▶ _What you are asked to do_:
Although the records include pictures, the copy should not; write out exactly the lines from the first through the line with "실사 비디오 하이웨이스트".

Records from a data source

BEGIN

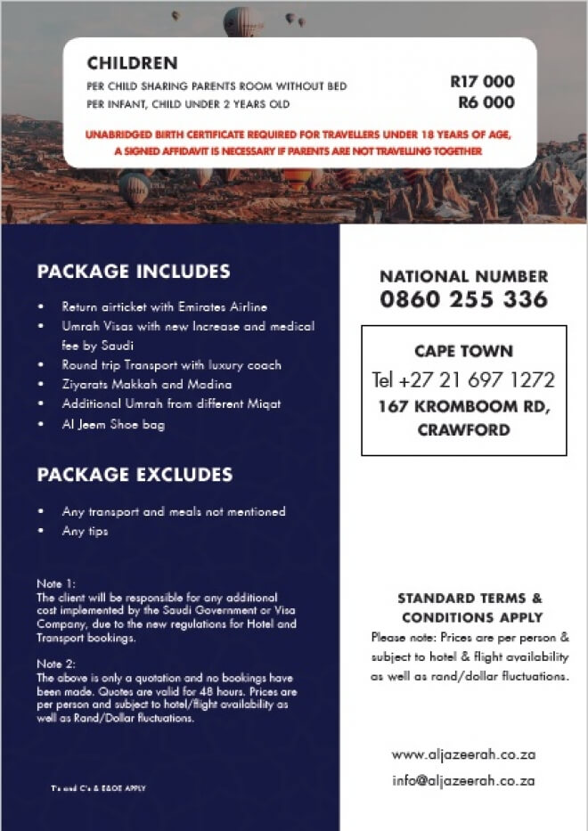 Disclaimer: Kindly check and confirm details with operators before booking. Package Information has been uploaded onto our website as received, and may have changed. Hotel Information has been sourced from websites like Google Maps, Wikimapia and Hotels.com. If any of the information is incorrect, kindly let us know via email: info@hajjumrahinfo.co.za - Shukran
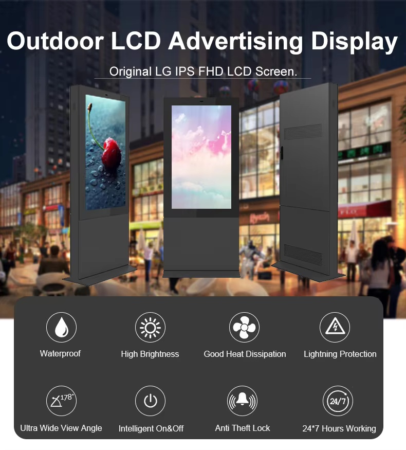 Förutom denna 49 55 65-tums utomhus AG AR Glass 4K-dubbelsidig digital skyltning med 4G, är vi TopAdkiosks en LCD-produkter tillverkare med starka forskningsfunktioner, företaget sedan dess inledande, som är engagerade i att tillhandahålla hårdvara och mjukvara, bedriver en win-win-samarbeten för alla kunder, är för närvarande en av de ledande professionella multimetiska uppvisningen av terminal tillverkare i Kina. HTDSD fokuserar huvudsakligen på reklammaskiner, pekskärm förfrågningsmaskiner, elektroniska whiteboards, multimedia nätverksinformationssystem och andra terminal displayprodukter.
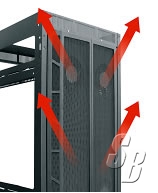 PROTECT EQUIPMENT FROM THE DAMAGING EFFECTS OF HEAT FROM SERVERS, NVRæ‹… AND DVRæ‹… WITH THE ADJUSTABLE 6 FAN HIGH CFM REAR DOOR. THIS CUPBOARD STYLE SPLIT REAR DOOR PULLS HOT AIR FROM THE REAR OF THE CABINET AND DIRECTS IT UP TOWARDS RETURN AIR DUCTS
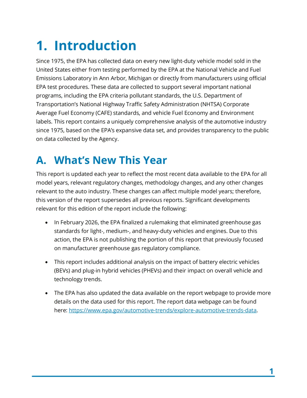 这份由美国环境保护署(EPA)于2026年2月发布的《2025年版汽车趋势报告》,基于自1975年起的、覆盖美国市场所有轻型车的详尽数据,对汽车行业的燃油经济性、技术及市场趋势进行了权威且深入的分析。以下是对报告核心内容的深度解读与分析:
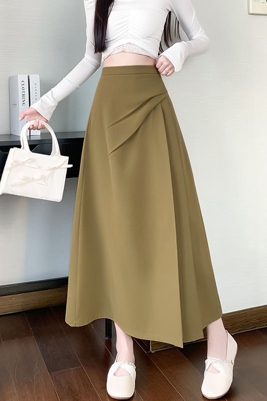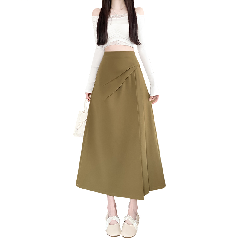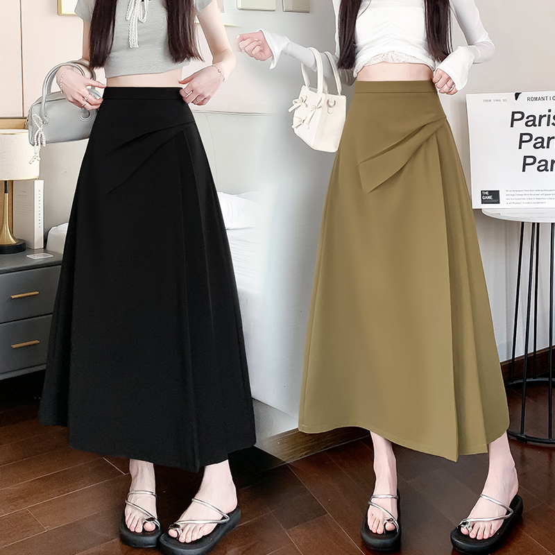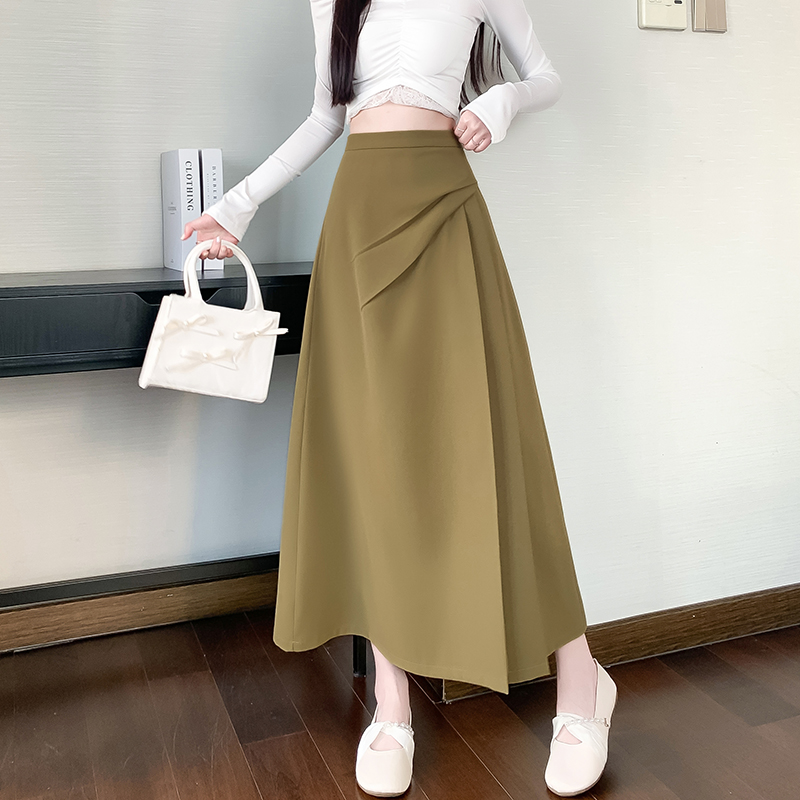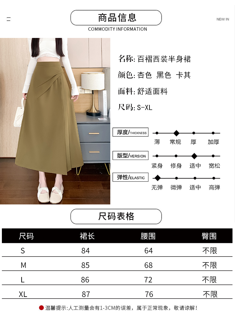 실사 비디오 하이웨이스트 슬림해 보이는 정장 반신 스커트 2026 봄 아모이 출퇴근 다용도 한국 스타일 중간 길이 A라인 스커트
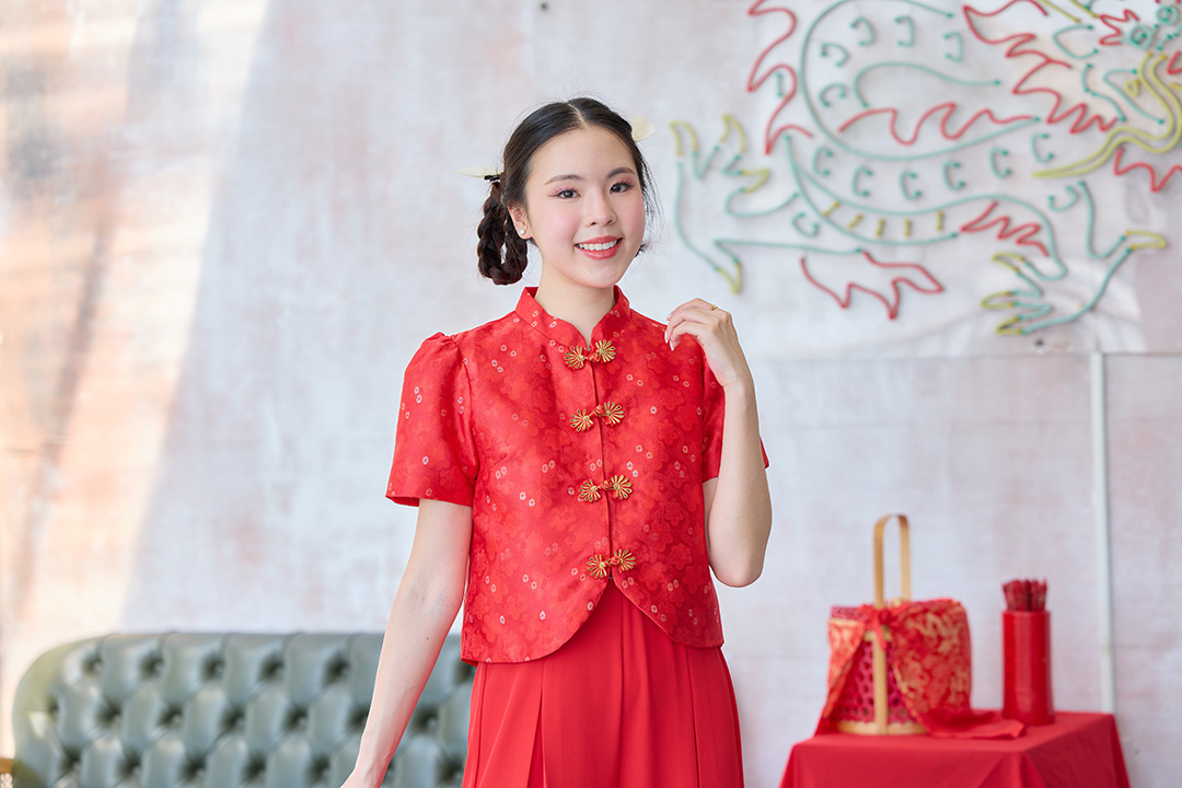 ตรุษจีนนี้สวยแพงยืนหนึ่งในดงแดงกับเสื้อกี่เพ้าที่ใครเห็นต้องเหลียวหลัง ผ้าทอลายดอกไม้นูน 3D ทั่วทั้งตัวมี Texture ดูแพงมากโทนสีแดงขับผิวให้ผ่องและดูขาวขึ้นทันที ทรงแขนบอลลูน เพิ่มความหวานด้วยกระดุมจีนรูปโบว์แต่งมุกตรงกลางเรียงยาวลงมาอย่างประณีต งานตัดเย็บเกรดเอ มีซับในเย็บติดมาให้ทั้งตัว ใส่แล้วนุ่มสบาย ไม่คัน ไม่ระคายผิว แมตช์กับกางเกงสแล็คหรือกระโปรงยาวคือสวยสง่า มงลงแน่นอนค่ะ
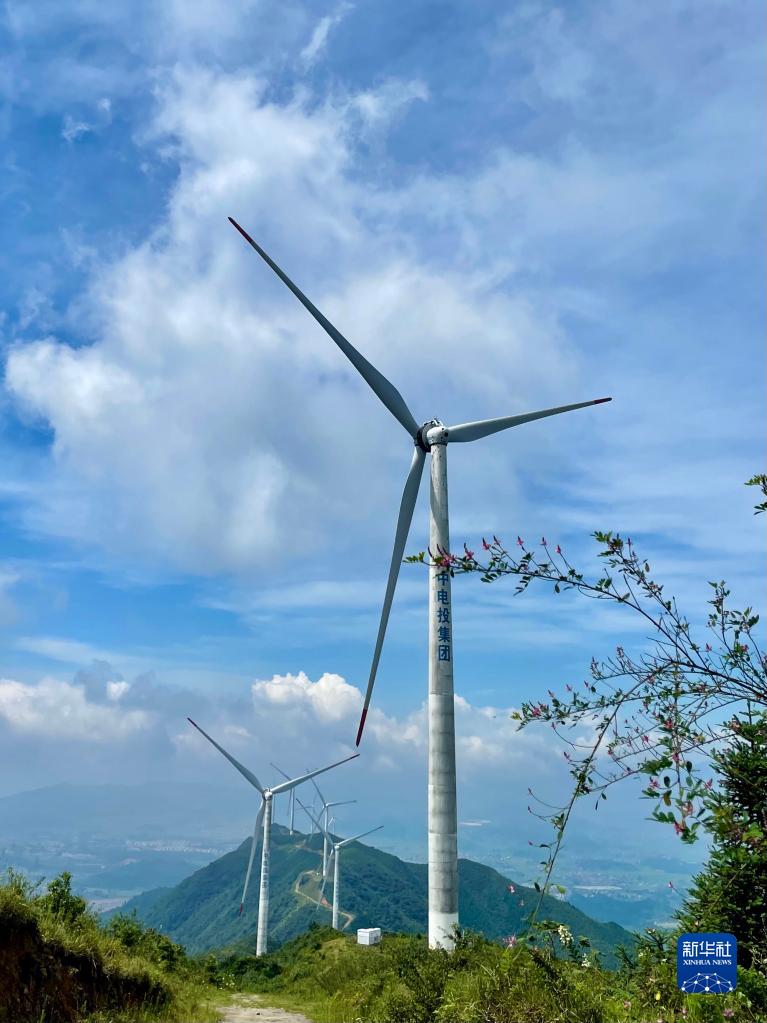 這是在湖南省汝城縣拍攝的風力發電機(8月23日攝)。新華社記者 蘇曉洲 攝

END

▶ _Solution to this problem_:
 Disclaimer: Kindly check and confirm details with operators before booking. Package Information has been uploaded onto our website as received, and may have changed. Hotel Information has been sourced from websites like Google Maps, Wikimapia and Hotels.com. If any of the information is incorrect, kindly let us know via email: info@hajjumrahinfo.co.za - Shukran
 Förutom denna 49 55 65-tums utomhus AG AR Glass 4K-dubbelsidig digital skyltning med 4G, är vi TopAdkiosks en LCD-produkter tillverkare med starka forskningsfunktioner, företaget sedan dess inledande, som är engagerade i att tillhandahålla hårdvara och mjukvara, bedriver en win-win-samarbeten för alla kunder, är för närvarande en av de ledande professionella multimetiska uppvisningen av terminal tillverkare i Kina. HTDSD fokuserar huvudsakligen på reklammaskiner, pekskärm förfrågningsmaskiner, elektroniska whiteboards, multimedia nätverksinformationssystem och andra terminal displayprodukter.
 PROTECT EQUIPMENT FROM THE DAMAGING EFFECTS OF HEAT FROM SERVERS, NVRæ‹… AND DVRæ‹… WITH THE ADJUSTABLE 6 FAN HIGH CFM REAR DOOR. THIS CUPBOARD STYLE SPLIT REAR DOOR PULLS HOT AIR FROM THE REAR OF THE CABINET AND DIRECTS IT UP TOWARDS RETURN AIR DUCTS
 这份由美国环境保护署(EPA)于2026年2月发布的《2025年版汽车趋势报告》,基于自1975年起的、覆盖美国市场所有轻型车的详尽数据,对汽车行业的燃油经济性、技术及市场趋势进行了权威且深入的分析。以下是对报告核心内容的深度解读与分析:
 실사 비디오 하이웨이스트 슬림해 보이는 정장 반신 스커트 2026 봄 아모이 출퇴근 다용도 한국 스타일 중간 길이 A라인 스커트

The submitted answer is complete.